Adeline was known for her gossiping. She was not malicious, she just couldn't keep any secrets. That evening, she wanted to borrow some salt, thinking that I was home. She always prepared dinner late in the evening. Apparently she preferred to go to sleep on a full stomach. When she called for me, according to Tina, because I was not back from the river, Tina was forced to step out to see what Adeline wanted.

Upon learning that I was not back from the river, Adeline expressed her concerns by screaming at Tina for not going to look for me. Wanting to know why I was so late coming back. It was unlike me to stay at the river so long. And she ordered Tina to get off her lazy ass and looked for me. From the way Tina told me the story, I could tell she was not happy with Adeline telling her what to do.

"So what you're saying is, if it wasn't for Adeline I would be found dead. Right?" I couldn't help making her feel guilty.

Tina's POV

I rolled my eyes with annoyance. This woman always wanted to borrow something. Adeline's generosity made it impossible for me to refuse her. Each time she visited the street market, she never failed to bring back something for us. Her frequent cooking endeavors were marked by kindness, as she always prepared additional portions to share with Saintilia and me.

Just then, Adeline spotted something peculiar on the ground. Unsure but driven by curiosity, she decided to explore. She moved cautiously, trying to be silent in case it was an animal, to prevent any sudden attack. I, lacking such curiosity, hung back, observing her actions from afar. When I saw her reaction, I realized she had discovered Saintilia. Hurrying to her side, I saw the scattered locks of hair covering the ground.

"Oh my God It's TiTi".

With a tone of sorrow, she urged me to fetch the lamp. My pulse raced upon seeing Saintilia, motionless as if lifeless. Adeline's presence was a blessing; without her guidance, I was at a loss. Saintilia might have remained there until morning, her fate uncertain. Truly, only the divine could foresee the outcome.
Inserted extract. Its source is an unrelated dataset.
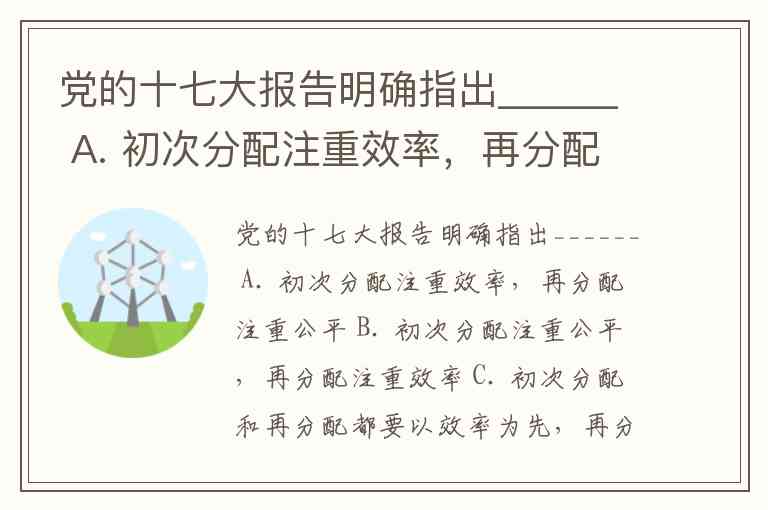 党的十七大报告明确指出______ A. 初次分配注重效率,再分配注重公平 B. 初次分配注重公平,再分配注重效率 C. 初次分配和再分配都要以效率为先,再分配更加注重效率 D. 初次分配和再分配都要处理好效率和公平的关系,再分配更加注重公平

Frozen in shock, I remained motionless as she repeated her request for the lamp. Immobilized, I watched her dismiss my inaction and hurry into the house, snatching the small galvanized metal lamp from the table. Her return jolted me back to reality as she firmly grasped my arm. The situation with Saintilia was unclear and concerning. Together, we supported her, each holding an arm, and gently escorted her inside. We settled her on the makeshift sac bed, examining her condition. Exchanging worried glances, we silently acknowledged the unsettling possibility that she had been harmed by someone.

Tears welled in my eyes at the sight of her wounds. It was unclear whether all the blood belonged to her. But we were certain that from the look of it, she had put up a fight. Her dress was torn apart, and her warned out bra was up to her neck exposing her breasts. We proceeded to examine her further and found that she had sustained bruises and bleeding.
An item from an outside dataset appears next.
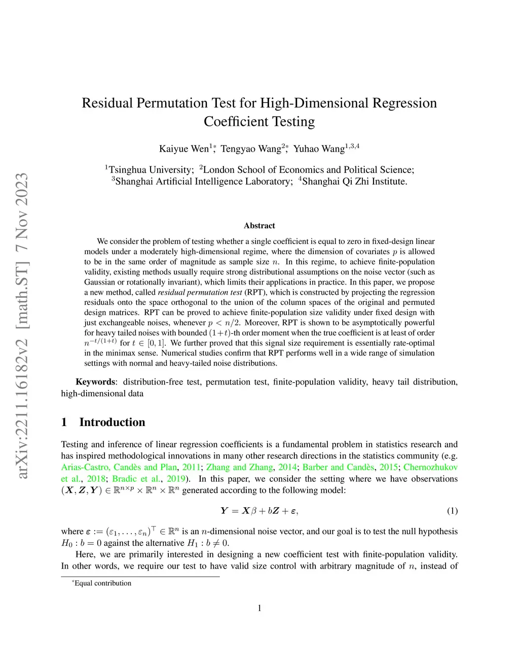 Residual Permutation Test for High-Dimensional Regression Coefficient

I was hurt and angry when I noticed she was covered in blood. How cruel? I thought. What kind of animal would do such a thing? I had a feeling that the person responsible for her condition was no stranger. The question remained: would we ever find out? I couldn't help but think this might not have occurred if Jonas were still with us. So, what's next?
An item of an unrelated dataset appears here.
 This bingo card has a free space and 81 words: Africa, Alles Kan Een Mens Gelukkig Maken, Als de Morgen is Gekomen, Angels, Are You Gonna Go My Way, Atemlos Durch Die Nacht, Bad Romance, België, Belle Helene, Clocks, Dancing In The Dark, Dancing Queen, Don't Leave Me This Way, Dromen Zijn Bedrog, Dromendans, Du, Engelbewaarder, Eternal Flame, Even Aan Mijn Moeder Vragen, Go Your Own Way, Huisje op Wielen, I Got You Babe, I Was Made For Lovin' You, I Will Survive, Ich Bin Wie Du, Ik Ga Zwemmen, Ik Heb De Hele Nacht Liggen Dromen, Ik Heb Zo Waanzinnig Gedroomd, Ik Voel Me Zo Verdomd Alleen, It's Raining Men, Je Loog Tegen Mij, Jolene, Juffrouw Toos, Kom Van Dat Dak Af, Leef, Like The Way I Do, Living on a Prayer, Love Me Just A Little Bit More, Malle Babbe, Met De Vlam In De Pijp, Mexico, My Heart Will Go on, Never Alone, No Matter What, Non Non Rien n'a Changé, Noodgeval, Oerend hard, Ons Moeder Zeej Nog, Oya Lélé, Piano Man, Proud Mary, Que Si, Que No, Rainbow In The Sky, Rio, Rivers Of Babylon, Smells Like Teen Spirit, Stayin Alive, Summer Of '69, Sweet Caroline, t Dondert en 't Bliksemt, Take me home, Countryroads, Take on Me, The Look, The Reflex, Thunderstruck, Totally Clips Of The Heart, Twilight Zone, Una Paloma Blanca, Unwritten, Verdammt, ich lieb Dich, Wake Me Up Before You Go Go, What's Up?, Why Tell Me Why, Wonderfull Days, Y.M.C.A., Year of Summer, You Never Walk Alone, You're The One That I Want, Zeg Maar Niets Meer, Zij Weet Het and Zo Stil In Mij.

Anger engulfed me, and I struggled to find peace. I resented Jonas for passing away and burdening me with such heavy responsibilities. This life was not what I had prepared for; I was merely keeping a promise. When I thought about my conversation with Jonas, I wondered if he knew he was going to die. The last time I saw him was a few months before his death, when he came to Chateau to see me. Jonas, overwhelmed with emotion, confided in me through tears. It was disconcerting to see a grown man cry so intensely. He shared his deep wish for Saintilia to move away from Boudins, believing her beauty was too great for such a small village. I shared his sentiment but felt powerless to help.

The only person we knew in the city was Jonas's brother, Raymond. However, Jonas had mentioned that Raymond was overseas, making it impossible to reach him. Jonas's unexpected passing left me utterly alone, with no means to leave this place.

"Where was her underwear?" I heard

Adeline asked, not necessarily directing her question toward me.